Class consciousness is our salvation
The commodification of education has turned a public good into a site of capital accumulationjust like it has done with every other public service and institution that was previously controlled directly by the state. It doesn’t matter who is in government, it is the capitalist class who run the system, and they run it to look after their own class interests. Until we recognise this fact and decide to do something about it, extraction of what little we have left will continue and our children, and their children’s lives will spiral further into misery.
In the case of education, what was once a tool for enlightenment and social progress is now a debt-producing industry, a sorting mechanism for labour markets, and another way for capital to extract value from the working class.

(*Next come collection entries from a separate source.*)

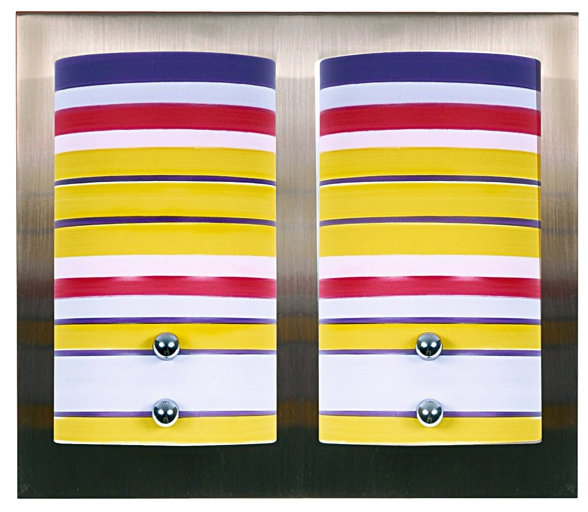 Kinkiet Fresco został zaprojektowany z myślą o nowoczesnych wnętrzach. Jego pięciokolorowy klosz i metalowa podstawa w matowym niklu tworzą unikalną kombinację, która doda charakteru każdemu pomieszczeniu. Lampa jest wyposażona w dwa gniazda G9, co zapewnia odpowiednie oświetlenie i doskonały wygląd.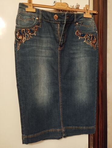 Açıq mavi rəngdə, dizden asagi cins etek qiymet razilasma ile❤️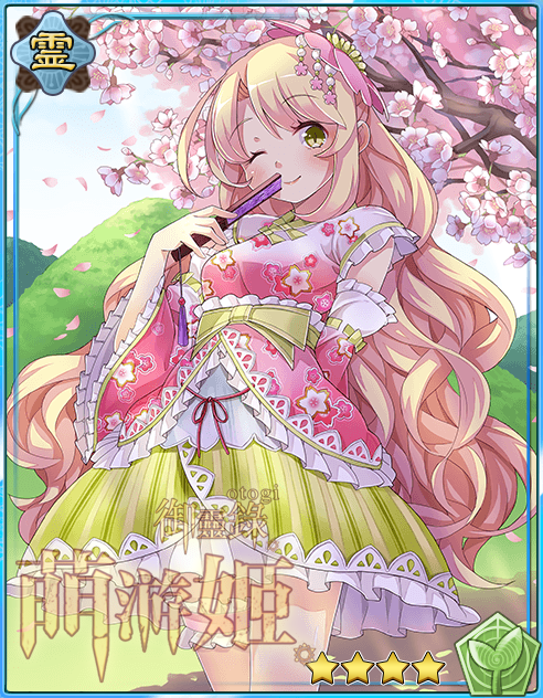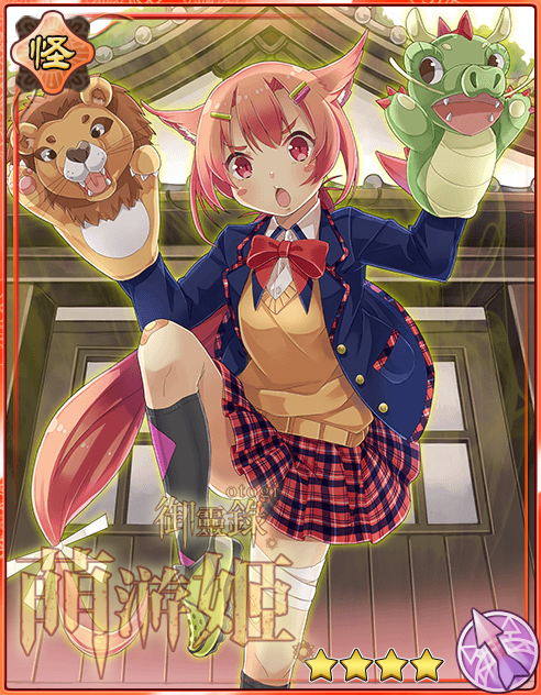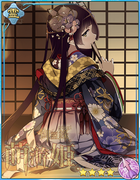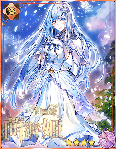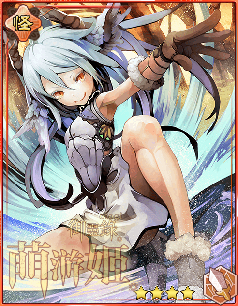 简评:又是一张卡面很好舔的卡,为数不多的治疗之一,而且面板数值是治疗里最高的一个。技能虽然回复量不高,但目标是己方全体而且附带一定时间内所受伤害下降的效果,在打一些比较特殊的关卡的时候能防止自己的式神被秒杀。属于有就练的卡。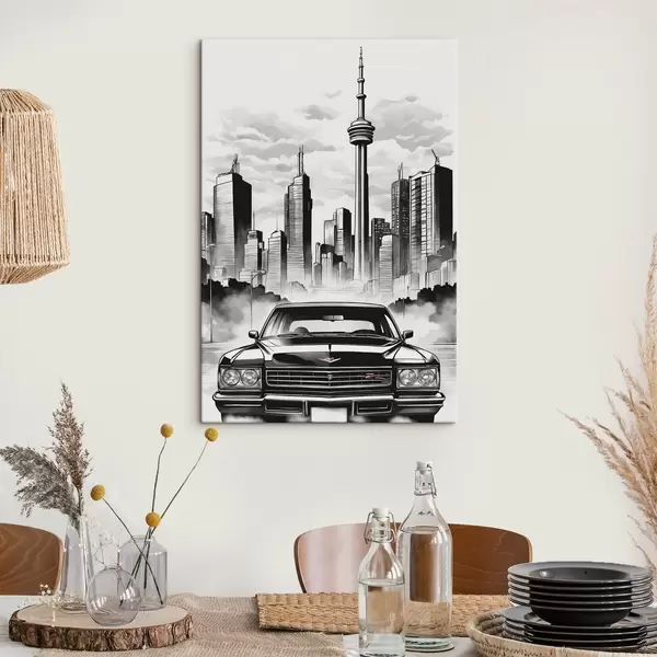Paveikslas Retro automobilis nespalvoto miesto su dangoraižiais fone Nr s44871
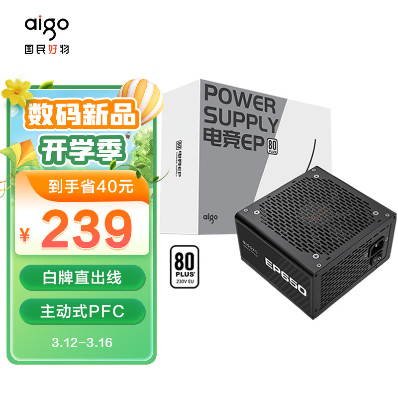 爱国者(aigo)额定650W EP650 黑色 电脑主机电源 (80Plus白牌/主动式PFC/支持背线/大单路12V)价格:239.00元!

Education, like everything under capitalism, becomes a commodity — not a means to enlighten the masses, but to reproduce and maintain the current class system and relations of production.
This article may have focused on education but only to illustrate how the degradation of the quality of our lives is planned, implemented and continued by successive governments and in accordance with the laws of capital. The commodification of our lives, of us, will continue unabated until we stop it.
We are the working class, and it is within our power to do exactly that!